Недавно один из молодых магов третьего круга из школы Лангэра выпустил лишь эту игру — и заработал столько очков вклада, что мог безбедно заниматься исследованиями до десятого уровня.
Почти каждый маг имел её копию, даже Грэйт и Сайрила не стали исключением.
Магические планшеты разошлись по всему миру, на Старом Континенте их продали десятками тысяч, а в каждой Башне магов хранилась копия игры, доступная для скачивания дворянам и богачам, допущенным к башенным сетям.
Так почти все ученики школы Лангэра, не достигшие пятого уровня, с головой ушли в игровое программирование.
В алхимическом корпусе повсюду раздавались странные звуки, мелькали причудливые образы и витали самые нелепые идеи.
— Слушай, а если сделать магическую стрелялку? Настроить силу заклинаний, выбрать точки падения и сражаться друг с другом…
— Надо добавить божественные чары и удары воинов!
— А я думаю, стоит сделать побольше красивых волшебниц… Может, попросим факультет соблазнения помочь? Они в этом мастера…
— Или просто наймём девушек и запишем их магические образы — куда проще!
Лангэр был вне себя:
— Вот что меня бесит! Мы — чародеи! Чародеи, ищущие силу и тайну мироздания! А посмотри, чем они заняты!
Они писали программы. И писали игры.
Программы ещё ладно — говорят, они повысили эффективность работы Совета и ускорили обмен информацией.
Но игры…
— Нет! Так дальше продолжаться не может! — Лангэр стиснул зубы, готовый выгнать всех, кто пошёл по «программному» пути, из алхимического корпуса.
Но не мог. Ведь многие молодые маги именно с программирования начинали понимать структуру заклинаний, учились ткать схемы для духов Башни и наделять их разумом.
Пришлось искать обходной путь.
— А что если принять закон и обложить тяжёлым налогом все игровые планшеты и доходы от развлечений?
Грэйт невозмутимо заметил:
— Я тоже думаю, что эти игры развращают молодёжь. Маги теряют концентрацию, забывают о тренировке духа и учёбе, что мешает их росту…
— Эй!

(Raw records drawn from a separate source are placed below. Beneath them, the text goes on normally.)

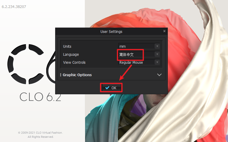 15.Language选择“简体中文”,点击”OK“
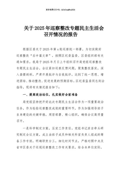 / 【七哥公文】2025年:关于2025年巡察整改专题民主生活会召开情况的报告+更多免费公文+VX:QiGeGongWen2024
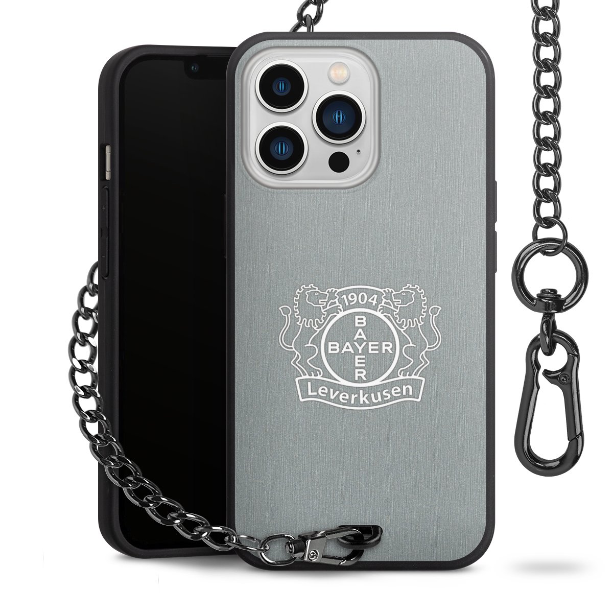 Die mattschwarze Silikon-Handyhülle besteht aus robustem TPU (thermoplastisches Polyurethan). Sie ist flexibel und schützt Dein Smartphone vor Stößen und Kratzern. Die Kette sowie der Karabinerhaken sind aus Metall in Gunmetal-Optik gefertigt. Für dieses Produkt kommen ausschließlich TÜV-geprüfte Materialien zum Einsatz.
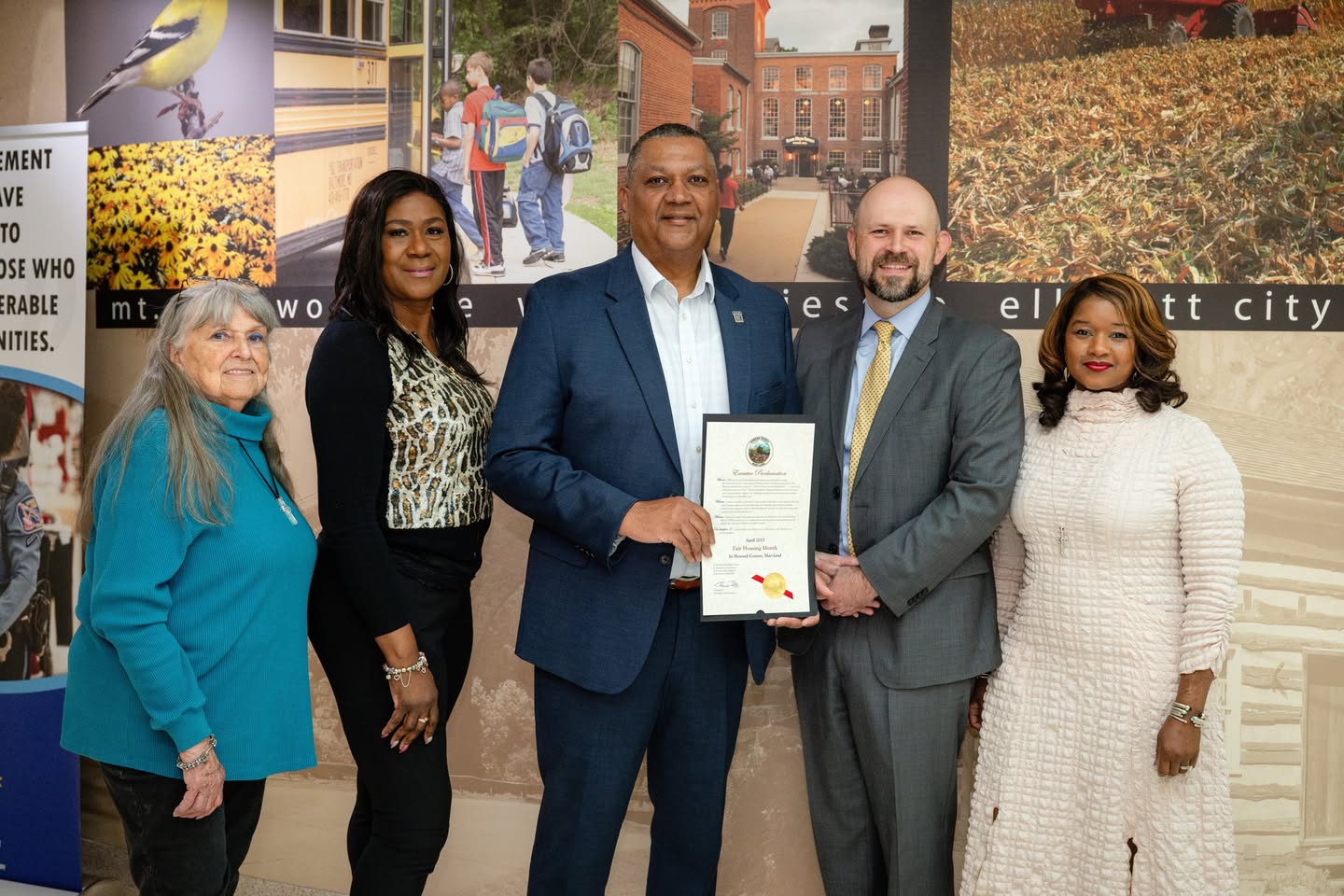 HCAR representatives are presented with a proclamation declaring April as Fair Housing Month in Howard County. (From left) Anne Cooke, REALTOR® and Fair Housing Committee Member; Michelle Williams, REALTOR® and Fair Housing Committee Vice Chair; Jimmie Jennings, REALTOR® and 2025 HCAR President; Brian Shepter, Deputy Chief of Staff for Howard County Executive Dr. Calvin Ball; and Joy Epps, REALTOR® and Fair Housing Committee Chair.
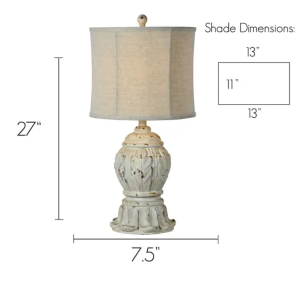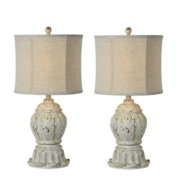 Our Antique Ivory Distressed Table Lamps Are Ones That Will Never Go Out Of Style! The Distressed Finish And Ornate Design Will Look Great On Any Table.Set Include Two (2) Lampseach Lamp Measures 27H In.Crafted Of Resindistressed Ivory Finishcarved Basesoftback Bell Shade In Oatmeal Linenshade Measures 11H X 13 In. In Diametersocket Accommodates A 100-Watt, E26 Bulbfeatures A Clear, Plug-In Cordcare:Dust With A Soft, Dry Cloth. Do Not Exceed Specified Wattage. This Item Is Available At Kirklands.Com Only, Not Available In Stores. Please Note: This Item Cannot Be Shipped To Apo/Fpo Addresses.Warning:Cancer And Reproductive Harm – For More Information Go Towww.P65Warnings.Ca.Gov .
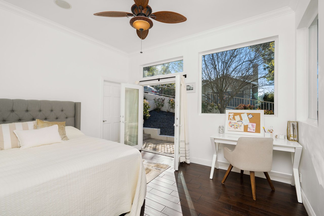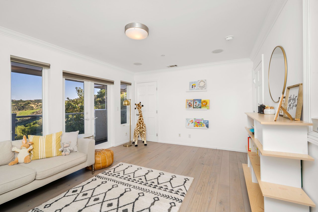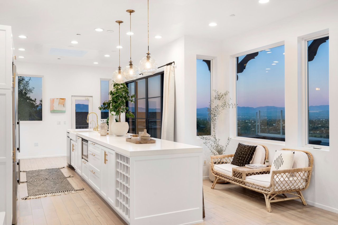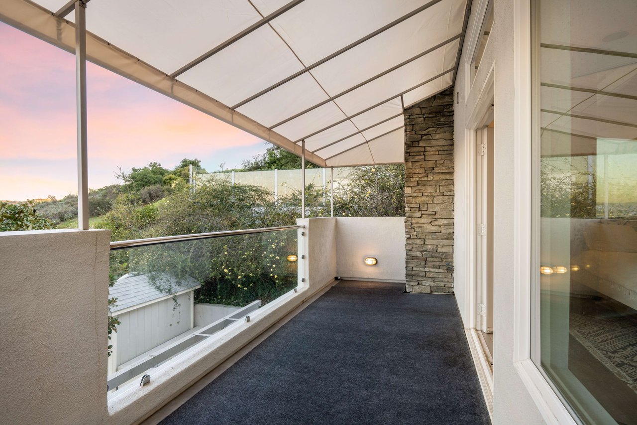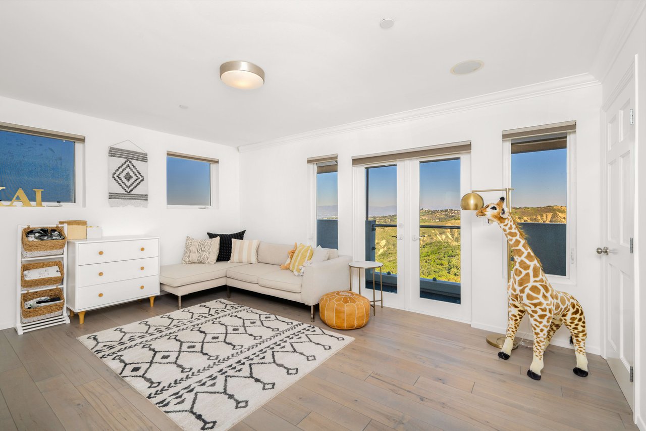 Captivating canyon and city light views. Sited within the bucolic community this Calabasas Highlands home is tastefully appointed with high ceiling and wood floors throughout.The generous open concept living area is bathed in natural light and boasts a comfortable contemporary design. The Chef's gourmet kitchen, complete with top of the line professional appliances offers direct access to the spacious great room and dining nook with a warming fireplace. The second level is dedicated to the luxurious primary suite with a generous walk-in closet, spa-like bath, two viewing balconies and a private retreat, office or sleeping area. The main floor is complete with two en-suite bedrooms and a guest bath. The rear yard reveals a lap pool, spa, BBQ center and expansive viewing deck perfect for family and guest alfresco dining and star gazing. Additional features include a generous bonus room above the garage, putting green, dog run and multiple fruit trees.

Да это же удар по нашему алхимическому корпусу! — вскрикнул Лангэр. — Почему именно мы должны платить?!
Деньги! Доход! Разве можно так просто от них отказаться? Почему именно у них хотят отнять долю?
— Тогда придумайте что‑нибудь сами, — пожал плечами Грэйт. — Кстати, больница в Дубовой роще уже получила несколько жалоб: дети часами играют на планшетах, зрение падает катастрофически… Берегитесь, как бы родители не пришли рубить ваших учеников!
— Эй! Это ещё что за обвинения! — взорвался Лангэр. — Родители сами не хотят заниматься детьми, сунут им планшет — и теперь я виноват?!